After the second reign, that of Hwei-ti, we have the first instance in Chinese history of a woman seizing the reins of government. The Empress Lu made herself supreme, and such were her talents that she held the Empire in absolute subjection for eight years. Like Jezebel she “destroyed all the seed royal,” and filled the various offices with her kindred and favourites. At her death they were butchered without [Page 107] mercy, and a male heir to the throne was proclaimed. His posthumous title Wen-ti, meaning the “learned” or “patron of letters,” marks the progress made by the revival of learning.
One might imagine that these literary emperors would have been satisfied with the recovery of the Confucian classics; but no, a rumour reached them that “there are sages in the West.” The West was India. An embassy was sent, 66 A. D., by Ming-ti to import books and bonzes. The triad of religions was thus completed.

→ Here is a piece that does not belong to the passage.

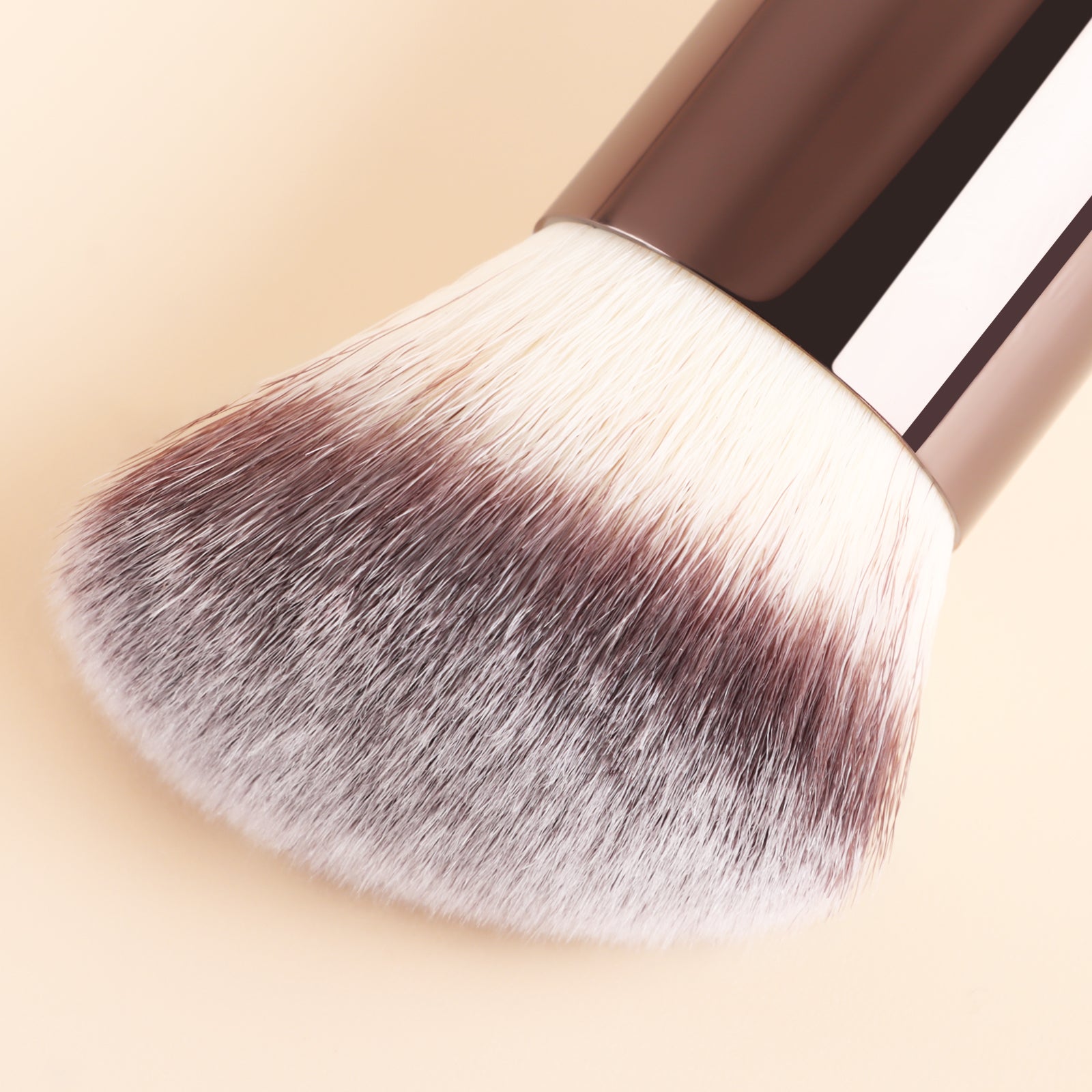 After dipping the brush into the product, gently shake off any excess powder. Apply makeup using a pressing and rolling technique (press and roll the foundation brush vertically, and blend the eyeshadow brush in a spiral motion). The aluminum-handled retractable brush uses a 45° angle to precisely contour the face, while the wooden-handled brush features a 32° anti-shake design for precise application.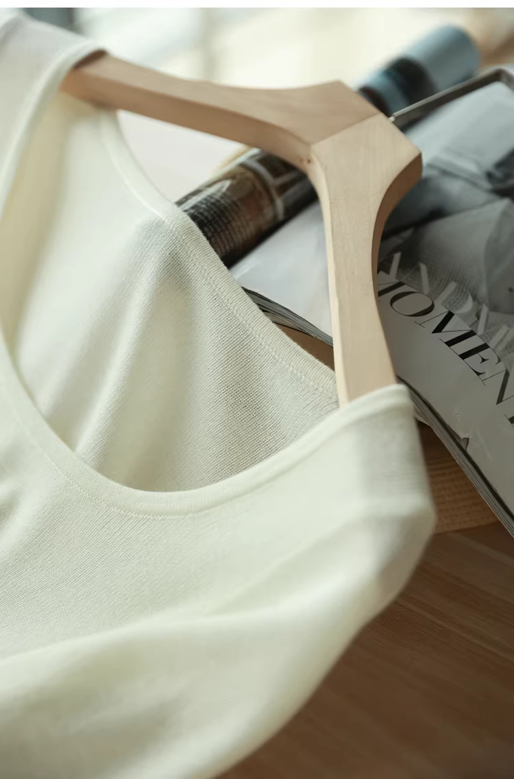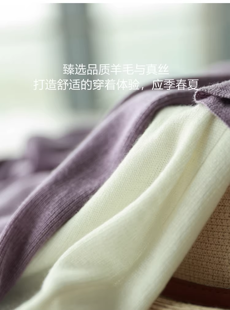 Thanh lịch vừa vặn~ Áo dệt kim dáng ôm cổ vuông kiểu Pháp bằng len lụa dành cho nữ, mới dành cho mùa xuân hè.

Totally diverse in spirit and essence, the three religions could hardly be expected to harmonise or combine. Confucianism exalts letters, and lays stress on ethics to the neglect of the spiritual world. Taoism inculcates physical discipline; but in practice it has become the mother of degrading superstition—dealing in magic and necromancy. Buddhism saps the foundations of the family and enjoins celibacy as the road to virtue. Metempsychosis is its leading doctrine, and to “think on nothing” its mental discipline. It forbids a flesh diet and deprecates scholarship. Through imperial patronage it acquired a footing in China, but it was long before it felt at home there. As late as the eighth century Han Yu, the greatest writer of the age, ridiculed the relics of Buddha and called on his people to “burn their books, close their temples, and make laity of their monks.”
Yet Buddhism seems to have met a want. It has fostered a sympathy for animal life, and served as a protest against the Sadducean tenets of the lettered class. It long ago became so rooted in the minds of [Page 108] the illiterate, who form nine-tenths of the population, that China may be truly described as the leading Buddhist country of the globe.[*]
[Footnote *: THE APOTHEOSIS OF MERCY
A LEGEND OF KUANYIN PUSA—IN NORTHERN BUDDHISM
Two images adorn this mountain shrine,
Not marble chiselled out by Grecian art,
But carved from wood with Oriental skill.
In days of yore adored by pilgrim throngs,
They languish now without a worshipper.